● WORK REQUIRED: In the copy, include every record below exactly as it appears, but no pictures.

● Source records:

= = = =

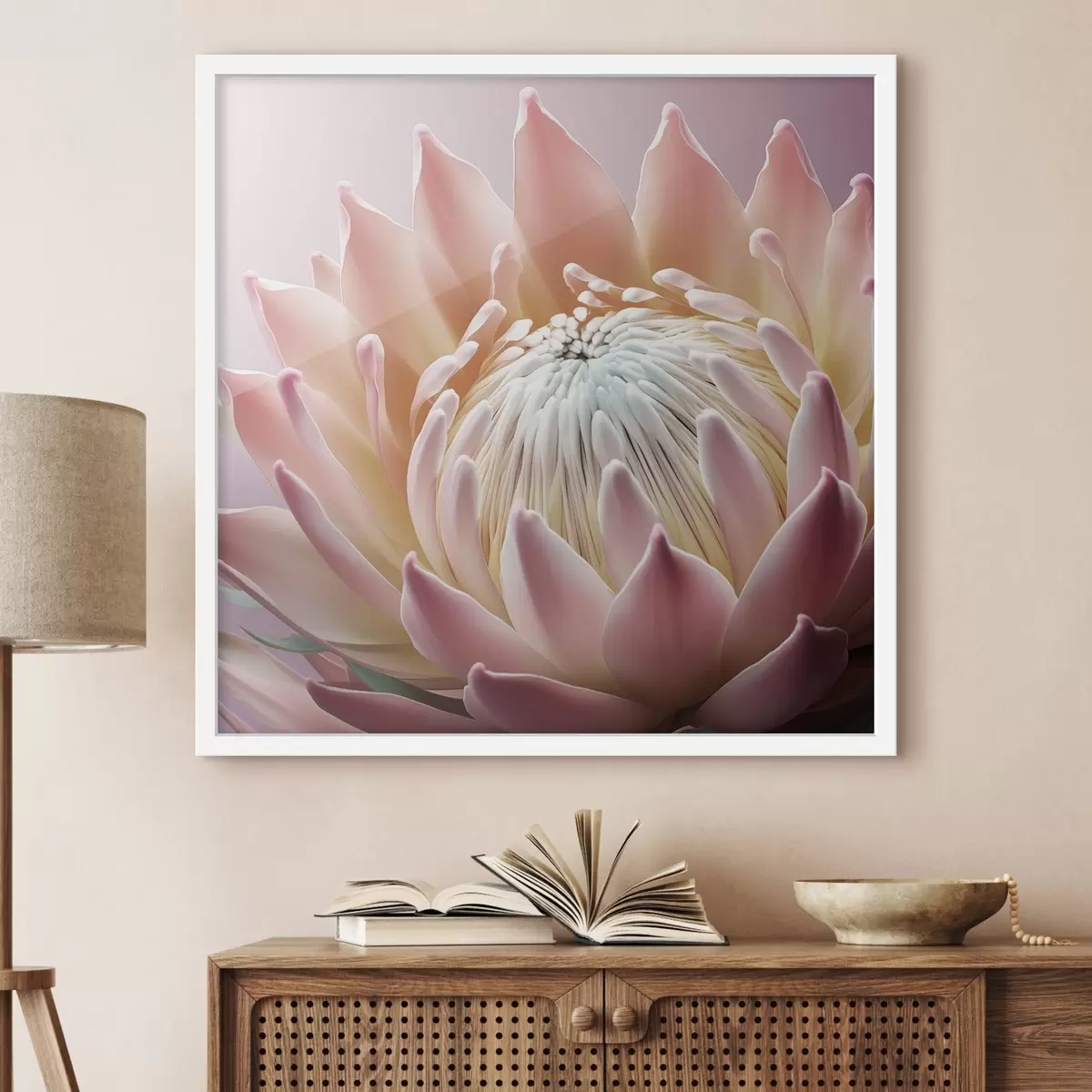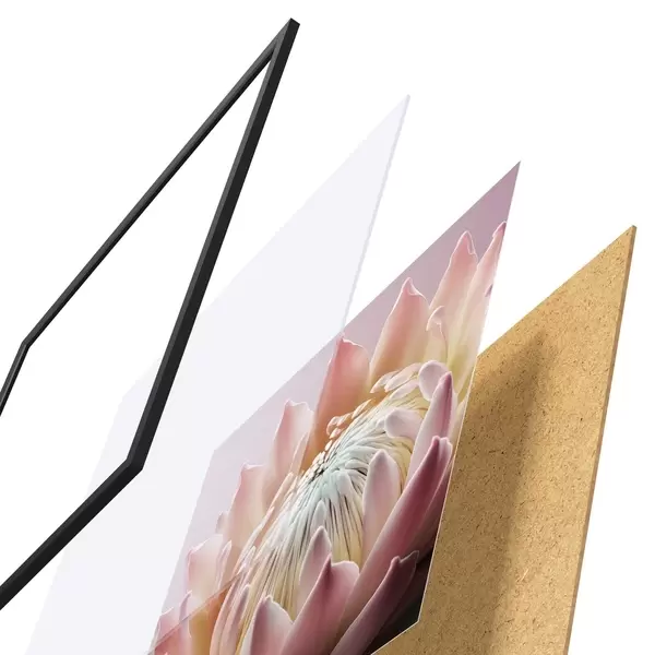 El póster consta de marco, plexiglás, imagen impresa y soporte de aglomerado. El póster puede colgarse inmediatamente en la pared gracias a los soportes de la parte posterior.
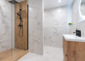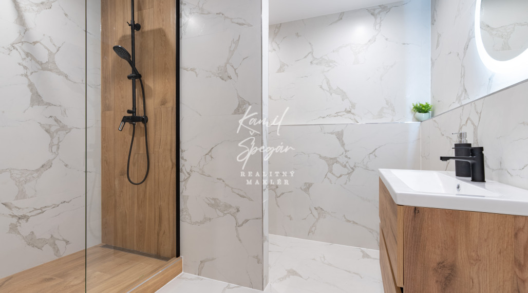 Kompletná rekonštrukcia zahŕňa novú elektroinštaláciu v celom byte, rozvody vody a kúrenia, murované jadro, sadrové omietky pre moderný vzhľad interiéru, laminátové plávajúce podlahy, bezpečnostné oceľové dvere pre maximálnu ochranu, nové radiátory, obložkové zárubne a interiérové dvere, sadrokartónové stropy, ako aj moderné dlažby a obklady v kúpeľni.
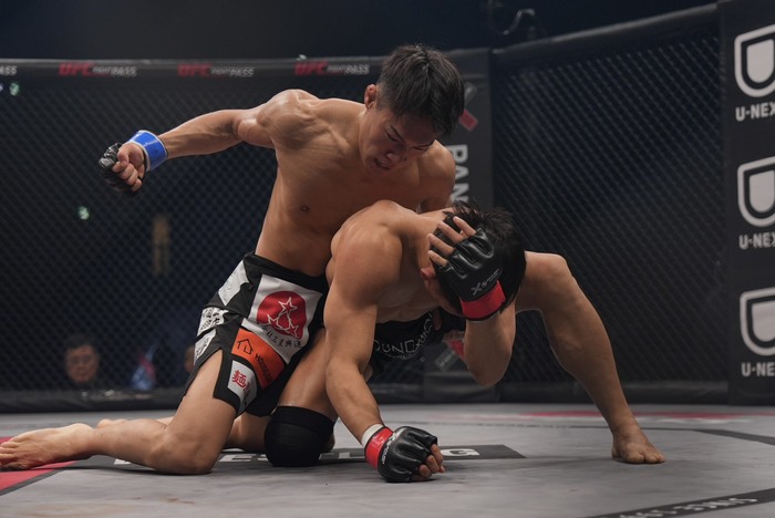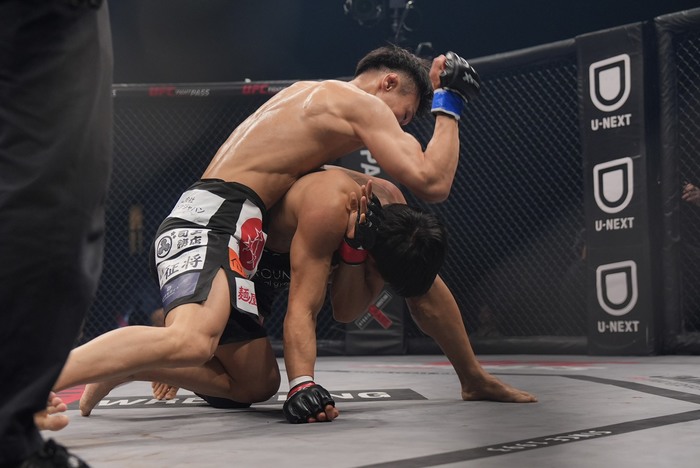 清水の右ハイをキャッチした岡田。そのままテイクダウン。ケージ際で体を起こそうとする清水の体をまたいでマウントを取った岡田だが、清水が起き上がって上を取りパウンドを落とす。立って離れた清水。岡田はまた組んで投げを狙ったが、潰されて下に。
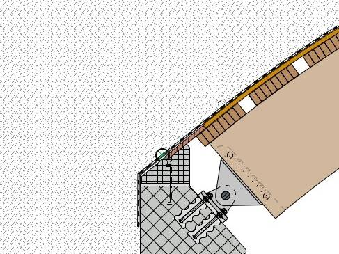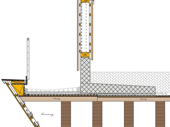 En raison d'un apport excessif d'humidité, associé à un mauvais comportement au séchage, le bois peut être attaqué en peu de temps par la pourriture ou les insectes. Des étanchéités multicouches et une couche de drainage protègent le recouvrement en bois contre l'eau d'infiltration. L'eau de surface provenant de la pulvérisation des véhicules doit s'écouler le plus librement et le plus rapidement possible. Pour ce faire, un espace suffisamment grand est aménagé entre les supports en béton et les éléments de construction en bois. Ainsi, les zones d'appui sont bien entourées d'air et peuvent sécher. Un revêtement en bois remplaçable et ventilé par l'arrière pour le revêtement du portail protège la construction sous-jacente des intempéries et des embruns des véhicules.
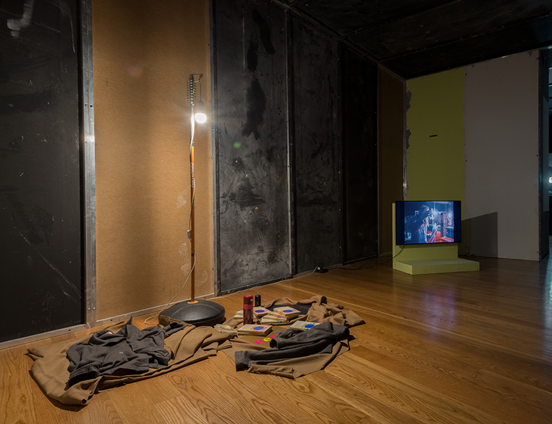 A display of surviving elements from the 2013 Merlin Carpenter exhibition "Support nightclub experience Nightclub" at A Certain Lack of Coherence in Porto, shown together with the video "Yeah!!" which A Certain Lack of Coherence made about that show.
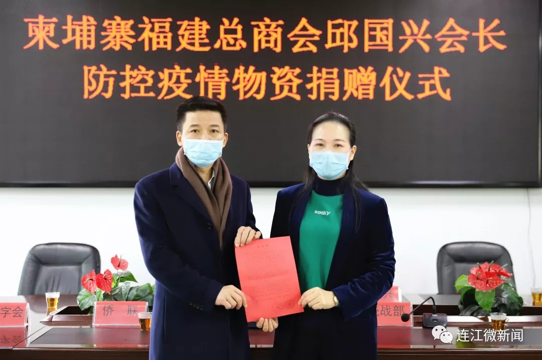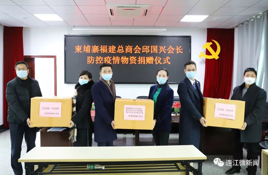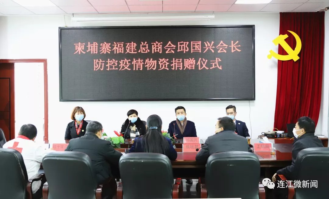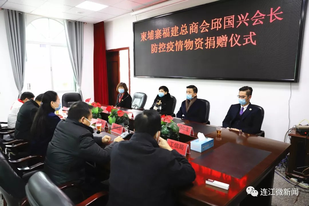 2020年2月9日上午,柬埔寨福建总商会邱国兴会长防控疫情物资捐赠仪式在县工信局举行,县委常委、统战部部长冯慧钦、县工信局、侨联、红十字会领导以及柬埔寨福建总商会会长邱国兴等华侨代表出席捐赠仪式。
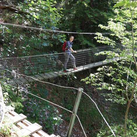 Höhlen, Hängebrücken und Seile. Diese Tour ist eine der schönsten und aussichtsreichen Wanderungen der Region. Die Wanderung startet in Naas beim Parkplatz für den Jägersteig und führt gleich zu Beginn recht steil hinauf. Über Stock, Stein und Eisentreppen geht es Höhenmeter für Höhenmeter hinauf auf den Jägersteig, über die Herdplatte bis zum Rablgrat-Dachl. Dort angekommen wandert man etwas bergab. Schließlich gelangt man über die Hängebrücke bis zum Ziel auf der anderen Seite der Weizklamm.
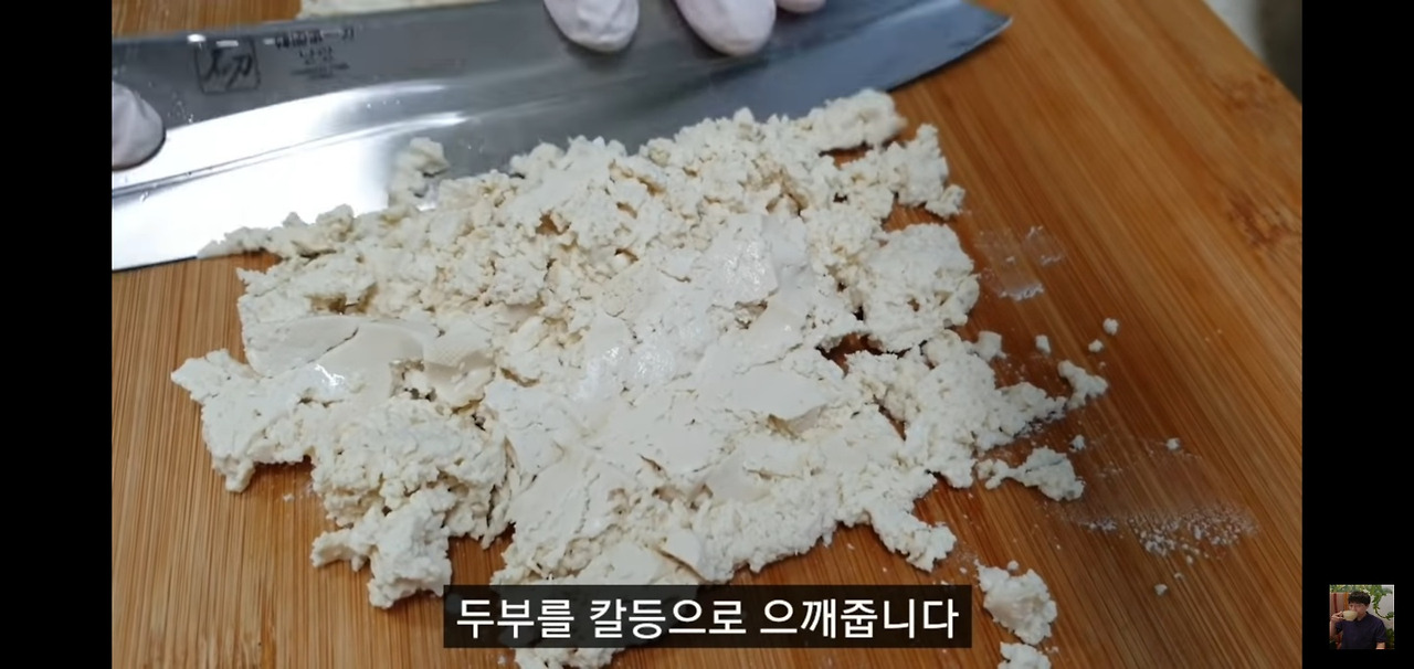 그 다음, 두부를 손으로 눌러서 물기를 제거한 후, 칼등을 이용해 잘게 으깨 주세요.
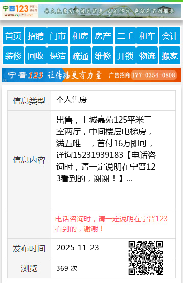 免责声明:本栏目信息由网友自行发布,宁晋123不承担任何责任!提高警惕,谨防诈骗!做推广、做信息置顶!请加宁晋123客服微信:ningjin009
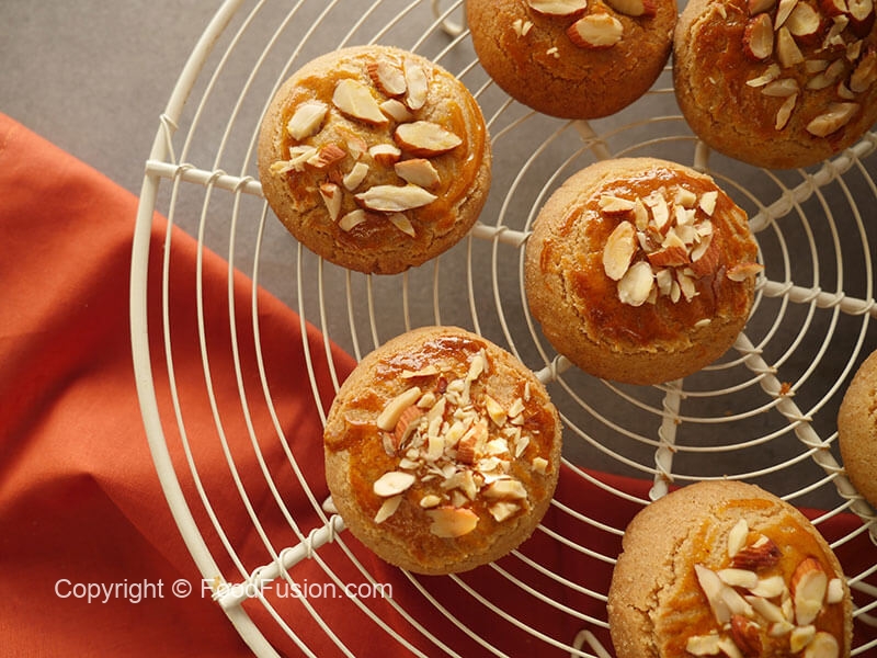 Place them in a baking tray,apply egg yolk with the help of brush,add almonds & press gently (keep some space between them as they expand while baking).

= = = =

● TASK RESPONSE:
 El póster consta de marco, plexiglás, imagen impresa y soporte de aglomerado. El póster puede colgarse inmediatamente en la pared gracias a los soportes de la parte posterior.
 Kompletná rekonštrukcia zahŕňa novú elektroinštaláciu v celom byte, rozvody vody a kúrenia, murované jadro, sadrové omietky pre moderný vzhľad interiéru, laminátové plávajúce podlahy, bezpečnostné oceľové dvere pre maximálnu ochranu, nové radiátory, obložkové zárubne a interiérové dvere, sadrokartónové stropy, ako aj moderné dlažby a obklady v kúpeľni.
 清水の右ハイをキャッチした岡田。そのままテイクダウン。ケージ際で体を起こそうとする清水の体をまたいでマウントを取った岡田だが、清水が起き上がって上を取りパウンドを落とす。立って離れた清水。岡田はまた組んで投げを狙ったが、潰されて下に。
 En raison d'un apport excessif d'humidité, associé à un mauvais comportement au séchage, le bois peut être attaqué en peu de temps par la pourriture ou les insectes. Des étanchéités multicouches et une couche de drainage protègent le recouvrement en bois contre l'eau d'infiltration. L'eau de surface provenant de la pulvérisation des véhicules doit s'écouler le plus librement et le plus rapidement possible. Pour ce faire, un espace suffisamment grand est aménagé entre les supports en béton et les éléments de construction en bois. Ainsi, les zones d'appui sont bien entourées d'air et peuvent sécher. Un revêtement en bois remplaçable et ventilé par l'arrière pour le revêtement du portail protège la construction sous-jacente des intempéries et des embruns des véhicules.
 A display of surviving elements from the 2013 Merlin Carpenter exhibition "Support nightclub experience Nightclub" at A Certain Lack of Coherence in Porto, shown together with the video "Yeah!!" which A Certain Lack of Coherence made about that show.
 2020年2月9日上午,柬埔寨福建总商会邱国兴会长防控疫情物资捐赠仪式在县工信局举行,县委常委、统战部部长冯慧钦、县工信局、侨联、红十字会领导以及柬埔寨福建总商会会长邱国兴等华侨代表出席捐赠仪式。
 Höhlen, Hängebrücken und Seile. Diese Tour ist eine der schönsten und aussichtsreichen Wanderungen der Region. Die Wanderung startet in Naas beim Parkplatz für den Jägersteig und führt gleich zu Beginn recht steil hinauf. Über Stock, Stein und Eisentreppen geht es Höhenmeter für Höhenmeter hinauf auf den Jägersteig, über die Herdplatte bis zum Rablgrat-Dachl. Dort angekommen wandert man etwas bergab. Schließlich gelangt man über die Hängebrücke bis zum Ziel auf der anderen Seite der Weizklamm.
 그 다음, 두부를 손으로 눌러서 물기를 제거한 후, 칼등을 이용해 잘게 으깨 주세요.
 免责声明:本栏目信息由网友自行发布,宁晋123不承担任何责任!提高警惕,谨防诈骗!做推广、做信息置顶!请加宁晋123客服微信:ningjin009
 Place them in a baking tray,apply egg yolk with the help of brush,add almonds & press gently (keep some space between them as they expand while baking).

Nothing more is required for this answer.